• **ASSIGNMENT**
Nothing but the lines from the one containing "algunas paginas. |" through the end of the data below should appear in the answer, each exact and free of pictures.

*** RECORDED INFORMATION

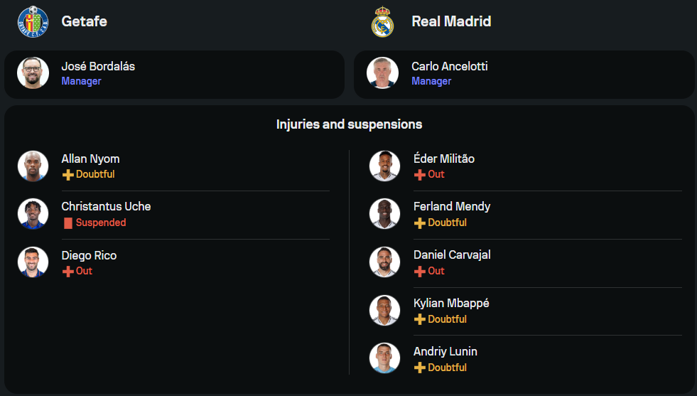 ฝั่งทีมเยือนของกุนซือ คาร์โล อันเชล็อตติ ยังเผชิญปัญหาผู้เล่นบาดเจ็บรบกวนหลายราย ไล่ตั้งแต่ ดานี่ การ์บาฆัล, เอแดร์ มิลิเตา และ แฟร์กล็องด์ เมนดี้ รวมถึงต้องเช็กฟิตดาวยิงระดับโลก คีเลียน เอ็มบัปเป้ แต่ยังดีที่ขุมกำลังหลักที่เหลือยังสมบูรณ์ดี นำทัพโดย จู๊ด เบลลิงแฮม กลางรุกฟอร์มร้อนแรง ขณะที่คู่หอกจะเป็น วินิซิอุส จูเนียร์ จับคู่กับ โรดรีโก้ พร้อมทะลวงแนวรับเจ้าถิ่น
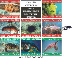 | Nuestra Guia Sumergible de Fauna Marina contiene mas de 50 fotografias de peces, corales, invertebrados y tortugas marinas del Caribe Mexicano, para aquellos buzos que deseen conocer la fauna que se puede apreciar bajo el mar. A continuación ofrecemos algunas paginas. |
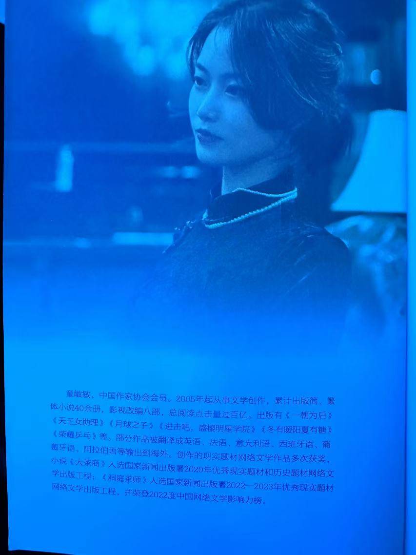 在年前一次苏州市吴江区作协年会上,笔者有幸近距离接触到了童敏敏,并被赠阅她的近作长篇小说【洞庭茶师】。她,一个看似平凡却又不凡的女性,以她的才华和努力,在网络文学的天地里书写了一段精彩的传奇。作为有三个孩子的母亲,她的外表丝毫未显岁月的痕迹,除了漂亮得体外、反而洋溢着青春的活力与优雅的气质。然而,更令人钦佩的是她在文学创作上的卓越成就。每年数百万字的产量,不仅是对文字的热爱,更是对兴趣与执着追求的体现。她的作品,如《一朝为后》、《天皇女助理》《月球之子》《进击吧,盛樱明星学院》《冬有暖阳夏有糖》《荣耀乒乓》《大茶商》《洞庭茶师》等,不仅在国内拥有庞大的读者群,更跨越国界,被翻译成英语、法国语、意大利语、西班牙语、葡萄牙语、阿拉伯语等国的多种语言,走向世界。其中,她的小说《大茶商》入选国家新闻出版署2020年优秀现实题材和历史题材网络文学出版工程;《洞庭茶师》入选国家新闻出版总署2022~2023年优秀现实题材网络文学出版工程,并荣登2022年度中国网络文学影响力榜。她这样的成就,绝非偶然,而是兴趣、禀赋与坚持共同铸就的辉煌。

******

• **TASK RESPONSE**
 | Nuestra Guia Sumergible de Fauna Marina contiene mas de 50 fotografias de peces, corales, invertebrados y tortugas marinas del Caribe Mexicano, para aquellos buzos que deseen conocer la fauna que se puede apreciar bajo el mar. A continuación ofrecemos algunas paginas. |
 在年前一次苏州市吴江区作协年会上,笔者有幸近距离接触到了童敏敏,并被赠阅她的近作长篇小说【洞庭茶师】。她,一个看似平凡却又不凡的女性,以她的才华和努力,在网络文学的天地里书写了一段精彩的传奇。作为有三个孩子的母亲,她的外表丝毫未显岁月的痕迹,除了漂亮得体外、反而洋溢着青春的活力与优雅的气质。然而,更令人钦佩的是她在文学创作上的卓越成就。每年数百万字的产量,不仅是对文字的热爱,更是对兴趣与执着追求的体现。她的作品,如《一朝为后》、《天皇女助理》《月球之子》《进击吧,盛樱明星学院》《冬有暖阳夏有糖》《荣耀乒乓》《大茶商》《洞庭茶师》等,不仅在国内拥有庞大的读者群,更跨越国界,被翻译成英语、法国语、意大利语、西班牙语、葡萄牙语、阿拉伯语等国的多种语言,走向世界。其中,她的小说《大茶商》入选国家新闻出版署2020年优秀现实题材和历史题材网络文学出版工程;《洞庭茶师》入选国家新闻出版总署2022~2023年优秀现实题材网络文学出版工程,并荣登2022年度中国网络文学影响力榜。她这样的成就,绝非偶然,而是兴趣、禀赋与坚持共同铸就的辉煌。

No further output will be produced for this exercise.